De vele verschillende korrelgroottes zijn gegroepeerd in fracties, d.w.z. groepen met vergelijkbare korrelgroottes, en worden zand, slib en klei genoemd. Zand is de grofste korrel, slib is middelgrof en klei is de fijnste korrel. De grondsoort is afhankelijk van de verhouding waarin deze drie bodemcomponenten worden gemengd. Om dit te visualiseren is de bodemtypedriehoek een handig hulpmiddel.

Bodemtype
De grondsoortdriehoek laat zien hoe de verschillende korrelgrootte mengsels heten

Tip: Klei is geen aparte deeltjesgroottefractie. Bodems worden klei genoemd, die alle drieCombineer korrelgroottes in vergelijkbare verhoudingen. Grofweg bestaat leem uit vergelijkbare verhoudingen van zand, slib en klei. Ze worden beschouwd als bijzonder vruchtbare gronden. Aan de andere kant worden bodems die voornamelijk uit één deeltjesgrootte bestaan, als ongunstig beoordeeld voor de plantengroei.

Zandbodem

Zand is te vinden in de linkerbenedenhoek van de driehoek van het bodemtype. Bodems met een hoog zandaandeel zijn door hun overwegend grove korrelgrootte zeer goed waterdoorlatend en kunnen dus nauwelijks water vasthouden. Wateroverlast komt echter zelden voor op dergelijke bodems.

Zandbodems zijn zeer goed belucht, zuurstof kan gemakkelijk tussen de grove zandkorrels doordringen. Plantenwortels kunnen heel gemakkelijk wortel schieten in zandgrond en ook luchtademende micro-organismen voelen zich hier uitstekend op hun gemak. De zeer actieve micro-organismen breken organische resten in de bodem snel af, maar humus is er helaas nauwelijks. Door het doorgaans lage humusgeh alte zijn zandgronden slecht in het opslaan van voedingsstoffen en worden ze over het algemeen als voedselarm beschouwd.
Maar zandgronden zijn gemakkelijk te bewerken, omdat het zand niet aan elkaar of aan tuingereedschap. Bovendien wordt hij niet zwaar als het regent omdat hij nauwelijks water opneemt. Daarom worden bij lichte gronden altijd zandgronden bedoeld.

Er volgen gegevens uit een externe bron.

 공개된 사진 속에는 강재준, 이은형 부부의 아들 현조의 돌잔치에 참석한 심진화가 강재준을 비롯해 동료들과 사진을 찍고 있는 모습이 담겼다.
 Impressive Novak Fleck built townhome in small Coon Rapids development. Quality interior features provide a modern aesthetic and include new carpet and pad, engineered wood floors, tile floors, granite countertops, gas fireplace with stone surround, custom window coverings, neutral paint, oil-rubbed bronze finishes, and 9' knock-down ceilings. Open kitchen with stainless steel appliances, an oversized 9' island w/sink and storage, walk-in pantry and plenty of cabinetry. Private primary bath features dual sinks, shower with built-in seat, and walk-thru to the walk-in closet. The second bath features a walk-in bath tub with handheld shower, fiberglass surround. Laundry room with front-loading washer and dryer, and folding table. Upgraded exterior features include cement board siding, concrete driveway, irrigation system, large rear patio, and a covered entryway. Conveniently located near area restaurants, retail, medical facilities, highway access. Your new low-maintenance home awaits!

Zelfs zandgrond kan donker zijn als er veel humus in zit

Zandbodems hebben een onstabiele pH-waarde en worden gemakkelijk beïnvloed door kalk en zuren.
Zanden omvatten zuiver zand, leemzand en slibzand. In Duitsland zijn bijvoorbeeld zeer zandgronden te vinden in de Lüneburger Heide en de hele Heidekreis, waar ze zijn gevormd uit de eindmorene van de gletsjers van de laatste ijstijd.

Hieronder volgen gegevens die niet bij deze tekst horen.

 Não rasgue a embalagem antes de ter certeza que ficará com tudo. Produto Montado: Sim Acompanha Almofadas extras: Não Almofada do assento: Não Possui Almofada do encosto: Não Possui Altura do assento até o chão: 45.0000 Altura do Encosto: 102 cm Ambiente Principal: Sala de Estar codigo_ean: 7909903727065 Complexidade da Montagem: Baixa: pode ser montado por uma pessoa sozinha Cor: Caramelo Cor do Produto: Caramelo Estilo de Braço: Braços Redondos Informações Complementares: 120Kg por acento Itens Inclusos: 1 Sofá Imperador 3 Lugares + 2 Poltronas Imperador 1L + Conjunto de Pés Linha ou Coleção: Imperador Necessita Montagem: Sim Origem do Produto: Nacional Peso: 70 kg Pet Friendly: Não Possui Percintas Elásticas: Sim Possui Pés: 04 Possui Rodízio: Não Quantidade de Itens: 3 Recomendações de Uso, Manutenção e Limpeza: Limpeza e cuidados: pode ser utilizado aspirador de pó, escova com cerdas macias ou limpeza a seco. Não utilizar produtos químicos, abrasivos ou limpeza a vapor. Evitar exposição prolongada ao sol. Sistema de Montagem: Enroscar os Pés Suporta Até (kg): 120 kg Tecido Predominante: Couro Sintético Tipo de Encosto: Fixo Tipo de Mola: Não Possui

Trouwens: Vanwege hun lage opslagcapaciteit moeten zandgronden regelmatig worden bemest en bewaterd, maar in kleine hoeveelheden.

Silte bodem

Silten worden bovenaan de driehoek van het bodemtype weergegeven. Door zijn gemiddelde korrelgrootte zit slib ook qua eigenschappen in het midden tussen klei en zand. Vooral de poriegrootte van slib is gunstig voor de plantengroei: de ruimten tussen de afzonderlijke bodemdeeltjes zijn zo groot dat ze water goed opnemen, vergelijkbaar met een spons. Omdat de poriën echter ook niet te klein zijn, geven ze het water zonder veel weerstand af, bijvoorbeeld wanneer plantenwortels een onderdruk creëren om water op te nemen. Om deze reden zijn slibbodems vaak bijzonder goede locaties voor planten en ontwikkelen ze zich tot de meest vruchtbare velden,weiden en natuurlijke landschappen. Net als kleigronden, bieden slibbodems een bevredigend leefgebied voor micro-organismen en hebben ze ook de neiging om veel humus op te bouwen. Dientengevolge zijn slibrijke bodems goede voedings- en waterreservoirs, die erg los en gemakkelijk te bewerken zijn.

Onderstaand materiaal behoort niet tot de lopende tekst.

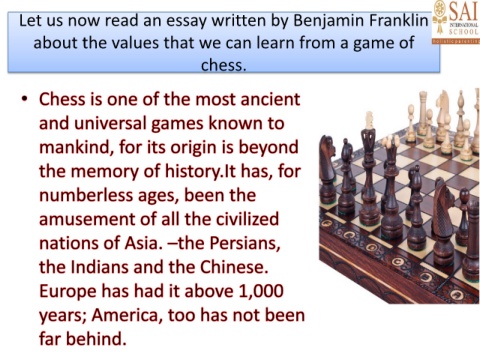 Let us now read an essay written by Benjamin Franklin about the values that we can learn from a game of chess.

Bodems met een hoog slibgeh alte zijn meestal zeer vruchtbaar

Silten zijn onder meer zandslib, kleislib en kleislib.
Vruchtbaar kleislib is bijvoorbeeld te vinden in de uitlopers van de Alpen rond Memmingen in Beieren.

Trouwens: Helaas dreigt slib weg te waaien als het droog is vanwege de lage hechting. Slibgrond moet daarom altijd worden geplant en nooit braak liggen.

Kleigrond

Tone is te vinden in de bodemtypedriehoek rechtsonder. Kleideeltjes zijn de kleinste korrelige fractie die in de bodem wordt aangetroffen. Alles kleiner dan 0,002 mm wordt als klei beschouwd. Door de kleine korrelgrootte heeft klei ook slechts minuscule poriën tussen de deeltjes, die veel water binden. Het water zal echter ook zo stevig vasthouden dat de meeste planten het nauwelijks kunnen gebruiken. Kleimineralen kunnen krimpen en zwellen. Als ze water hebben opgezogen, is er in een kleiachtige bodem bijna geen lucht meer. Op zeer kleiachtige gronden is er nauwelijks sprake van bodembeluchting, waar veel planten en micro-organismen niet goed tegen kunnen.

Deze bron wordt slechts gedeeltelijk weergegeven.